Saturday, January 23, 2016

Substantial Coastal Flooding Underway along Mid-Atlantic Coast

Winter Storm Jonas is developing a deepening low pressure center off the Mid-Atlantic Coast this morning. Strong onshore winds have arrived earlier than originally forecast, enabling the storm to already generate a storm surge exceeding 3 ft (0.91m) in some areas. This is bad timing because this storm surge has arrived before the highest high tide of the day, which will occur over the next 2-3 hours in most locations.

Webcams in Atlantic City depict heavy snow, strong winds, and storm surge rapidly moving onshore as high tide approaches.

Here is a tabular update of what is happening, according to NOAA Tides and Currents:

LOCATION           DATE      TIME       SURGE   TOTAL WATER(TW)    FORECAST TW
Chesapeake, VA    Jan 23       5:24AM    3.42 ft     5.47 ft above MLLW      ~6.7 ft @ 7:30AM

Cape May, NJ       Jan 23       5:24AM    2.40 ft     6.14 ft above MLLW      ~8.4 ft @ 7:42AM

Atlantic City, NJ  Jan 23       5:24 AM    2.90 ft     7.19 ft above MLLW     ~7.9 ft @ 6:36AM



The Jersey Shore is already observing storm surge levels approaching 3 ft (0.91 m) above normal, as the highest high tide of the day approaches. Image: www.tidesandcurrents.noaa.gov.

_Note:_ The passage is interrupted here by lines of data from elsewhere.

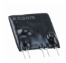
BP5716 Rohm Semiconductor IC AC/DC CONVERTER ISO 5SIP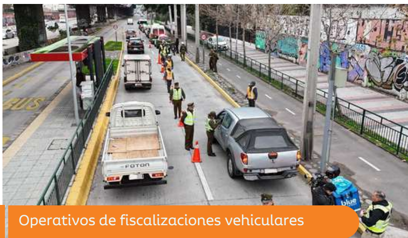
Operativos de fiscalizaciones vehiculares

Estas iniciativas se suma a una serie de acciones que como municipio hemos impulsado para fortalecer y fomentar la seguridad, donde se incluye la renovación de la flota de vehículos de seguridad, el aumento de guardias municipales patrullajes preventivos y puntos fijos, la instalación de alarmas comunitarias en conjunto con Juntas de Vecinos, entre otras medidas.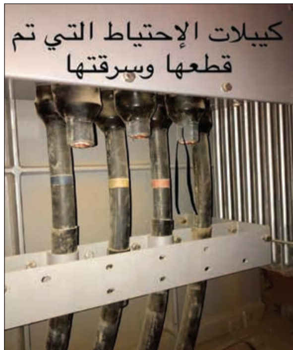
كيبلات احتياطية تمت سرقتها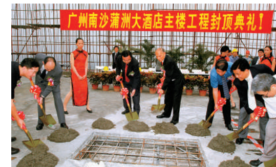
▲霍英東與嘉賓們，在2002年9月底主持南沙蒲洲大酒店封頂儀式，整個投資項目超過四億元人民幣。

「最是夢繫家國，鄉土豈可遺忘？長江黃河富饒大地，五千年文化源遠流長；中華有過光輝歲月，也曾經歷苦難創傷。道路從來是迂迴曲折，是非榮辱使人明確方向。祖國富強是眾所依歸，為安定繁榮各盡所長。」這是霍英東先生生前時常吟唱的一首歌。如今，隨着粵港澳大灣區建設和《南沙方案》的不斷推進，當年的不毛之地，正日趨接近他心中「南沙夢」的理想景象，相信可以告慰他的拳拳愛國之心、融融愛鄉之情。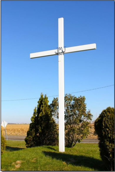
Croix située sur la 137 à l'intersection du rang des Moulins . Croix de métal peinte en blanc, axe ornementé, extrémités à motif aigu. Axe : JMJ (Jésus Marie Joseph) 2002, en fer forgé noir. Année de construction : 2002.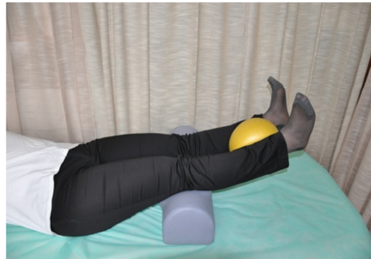
Slika 10. Sa čvrsto zategnutim stopalima stisnuti loptu, ispružiti noge preko jastuka, zadržati u tom položaju i vratiti noge na podlogu.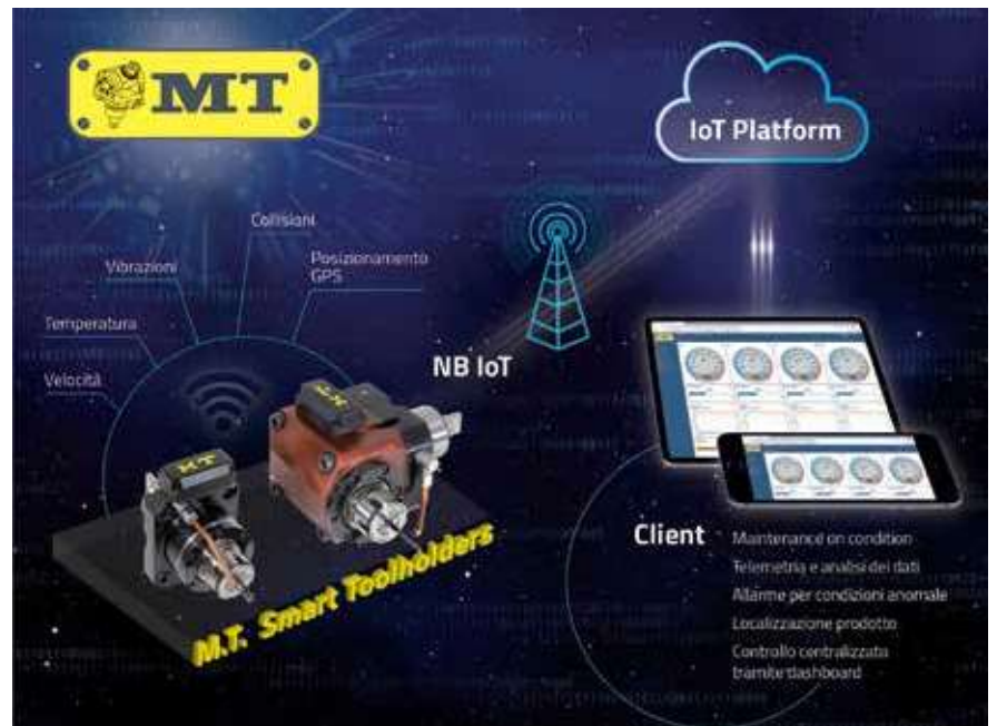
A sinistra: Smart Toolholder assiale

Grazie al progetto Smart Toolholder MT rende disponibili tutti gli strumenti per realizzare la Maintenance on Condition (manutenzione basata sulla condizione). Il sistema infatti analizza le tempistiche e le condizioni effettive di lavoro del portautensile rotante, permettendo una manu-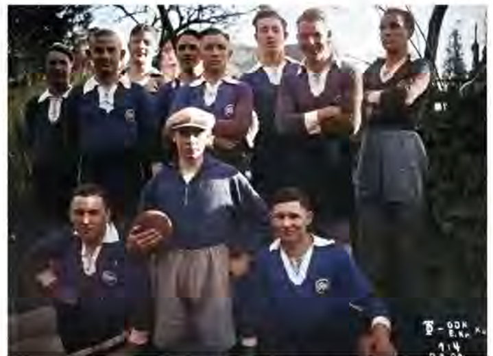
Am 7. Februar 1932 Lokal-Handball-Derby Turnerbund Burgsteinfurt gegen DJK und Eichenkreuz CVJM kombiniert 1 : 4.

My biggest concern is the rapid water level rise along the Jersey Shore, in places like Atlantic City. The highest high tide of the day, and one of the highest high tides of the month, will occur in the next hour at Atlantic City, which would have already created a high water event even if there was no storm. Much of the Jersey Shore will experience substantial coastal flooding today, particularly around the times of high tides.